Так же, как сейчас в общем-то нечем питаться всем этим многочисленным, бессчетным собакам и кошкам. Но они все равно живут у Петровича в доме и во дворе, и в сарае, и не уходят от него никуда, а если и уходят, то не надолго, а чтобы добыть себе пищу - хотя бы в самом минимальном, необходимом для их собачьей и кошачьей жизни количестве. И летом они это делали довольно легко, так как чего-чего, а помоек различных в городе достаточно, да и Петрович летом кормил их как-то из своих побочных заработков. А зимой он жил скупо, на одну свою пенсию,
А когда он открывал дверь, со двора в дом входили собаки и кошки, а другие кошки и собаки выходили из дому во двор и так они циркулировали, сменяя друг друга, и грелись в доме по очереди и по очереди мерзли во дворе - в сарае или в снегу, или просто в ближайших окрестностях. Как будто понимали своими собачьими и кошачьими мозгами, что если все они войдут в дом одновременно, получится нечто невозможное и недопустимое с точки зрения человеческого восприятия. Нет, они конечно, знали, что Петрович бы их не выгнал - он никогда не выгонял их из дому, - но видимо, и не обрадовался бы, увидев всю свору в целом внутри своего, прямо сказать, небольшого жилого помещения.

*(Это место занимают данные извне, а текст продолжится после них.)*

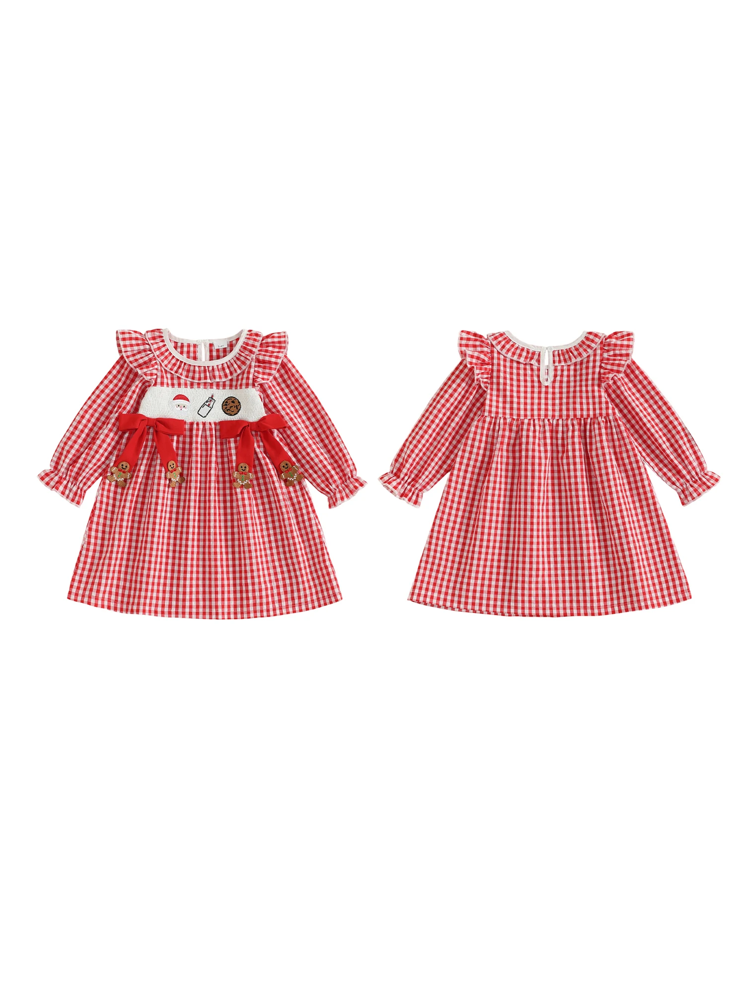 Girls Christmas Dress Long Sleeve Crew Neck Plaid Embroidery Santa Claus Winter Dress with Bow Detail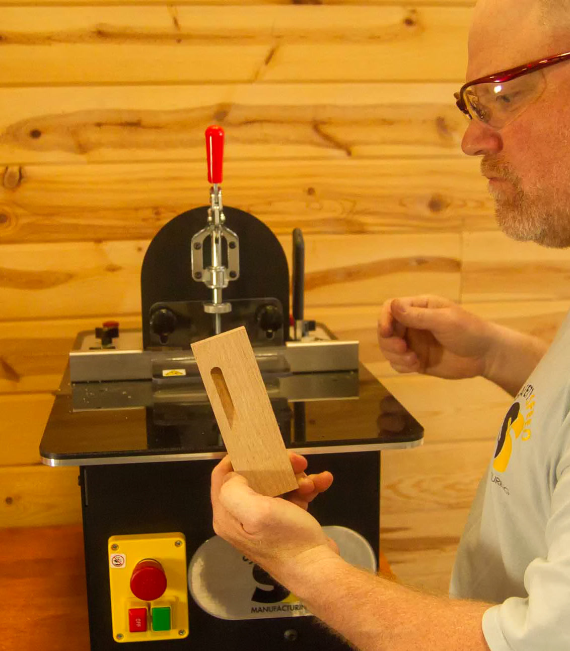 The SPM101EZ  screw pocket machine drills a pilot hole while machining a six degree screw pocket with dual routers and an easy action lever. An “EZ” action lever allows operators to pocket as material allows in two movements, without the need for finding a neutral position.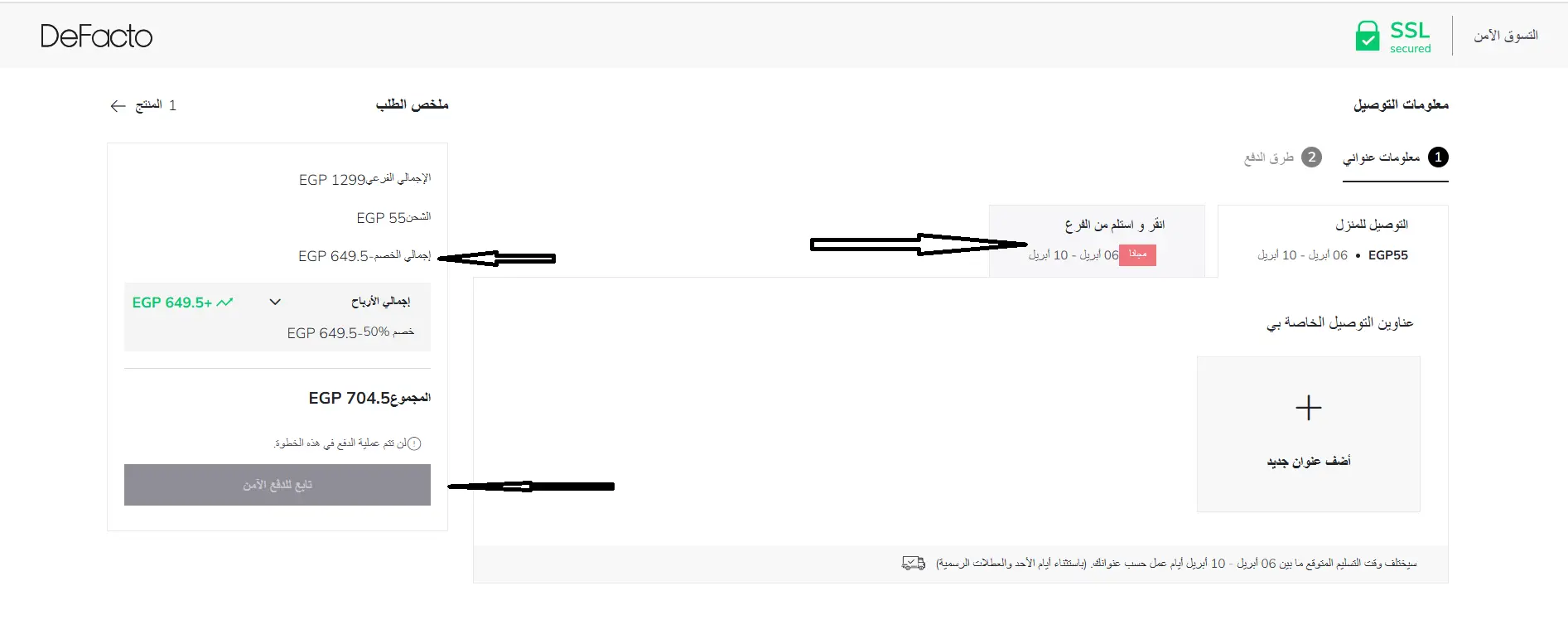استكمال عملية الشراء بعد التخفيض الفوري واختيار وسيلة الدفع.

Хотя, почему они то входили, то выходили, никто, кроме них, не знает. Возможно, им просто требовалось выйти по естественной биологической нужде. Ну и на свежий воздух - подышать и побегать. Чтобы не терять форму и нюх, требующиеся для собственного жизнеобеспечения в трудных условиях выпавшей на их долю жизни. Но, с другой стороны, хорошо, что им досталась такая - пускай, не самая лучшая в мире жизнь, - потому что уж кому-кому, а им могло не достаться вообще никакой. И вполне возможно, они чувствовали это своими обостренными животными чувствами и потому были преданы Петровичу, как родному. А больше никто не был Петровичу предан.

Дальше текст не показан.